BRIEF
Produce the lines from the one containing "e motos 🚗🏍️" through the end of the material exactly as they appear, both ends included, and leave the pictures out.

SOURCE DATA
□ □ □ □
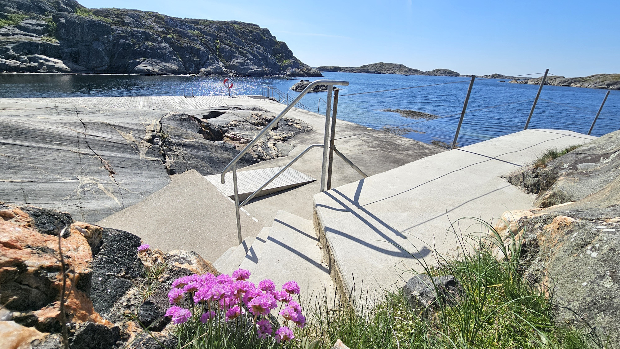 Tomten mellan stugorna ramas in av berg och husen själva, vilket skapar en avskild oas där ni kan sola, leka eller njuta av lugnet. På den stora altanen finns plats för både loungemöbler och grillkvällar. Härifrån leder en liten stig mot Hälleviksstrand, och innan löven slagit ut kan man skymta viken från huset. Hundar är varmt välkomna och här finns plats även för de yngsta gästerna, ett barnvänligt och hundvänligt boende med flera uteplatser för alla att njuta av.
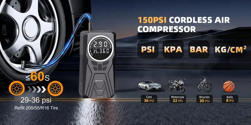 ✨Inflação rápida em 1 minuto✨Mini insuflador de pneus portátil adequado para automóveis e motos 🚗🏍️
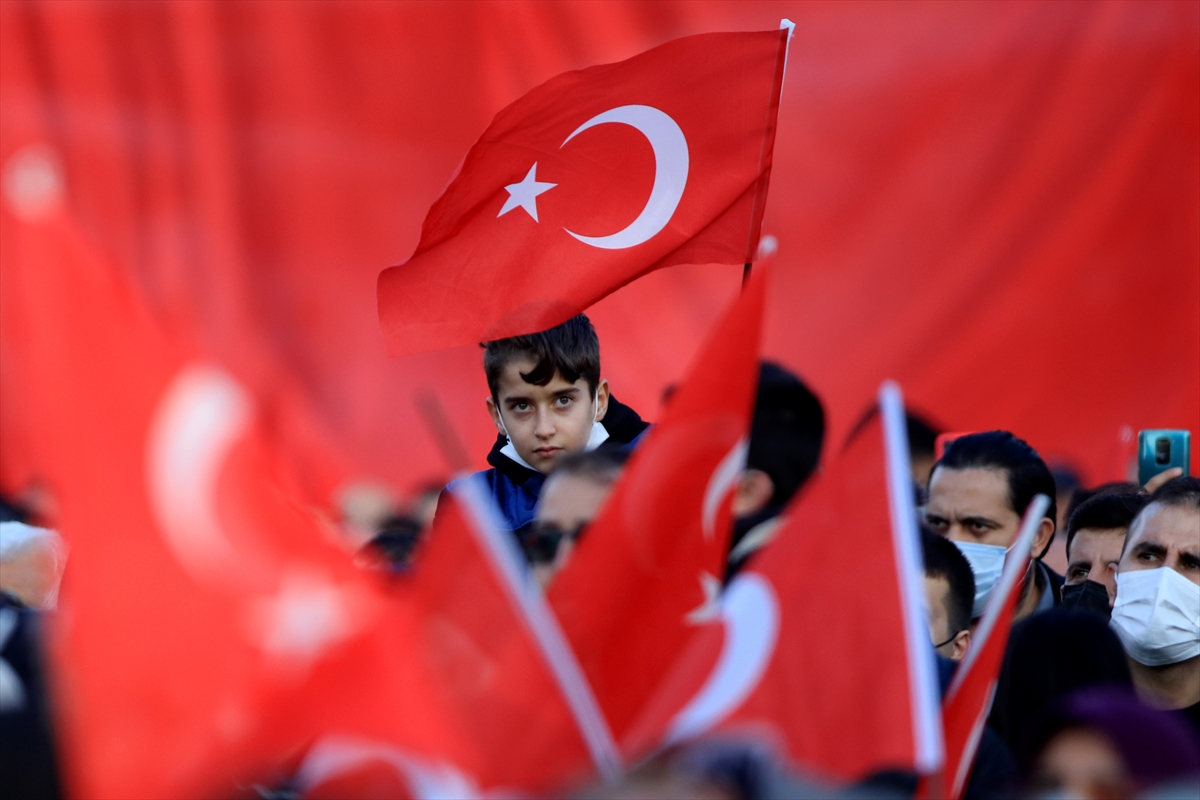 Çorba dağıtılıp, duaların edildiği etkinliğin ardından, 160 kayak öğretmeni ellerinde meşale ve Türk bayraklarıyla pistte kayarak gösteri yaptı. Gösterinin bitişiyle ateş başında toplanan katılımcılar, şehitleri andı.
□ □ □ □
FINAL ANSWER
 ✨Inflação rápida em 1 minuto✨Mini insuflador de pneus portátil adequado para automóveis e motos 🚗🏍️
 Çorba dağıtılıp, duaların edildiği etkinliğin ardından, 160 kayak öğretmeni ellerinde meşale ve Türk bayraklarıyla pistte kayarak gösteri yaptı. Gösterinin bitişiyle ateş başında toplanan katılımcılar, şehitleri andı.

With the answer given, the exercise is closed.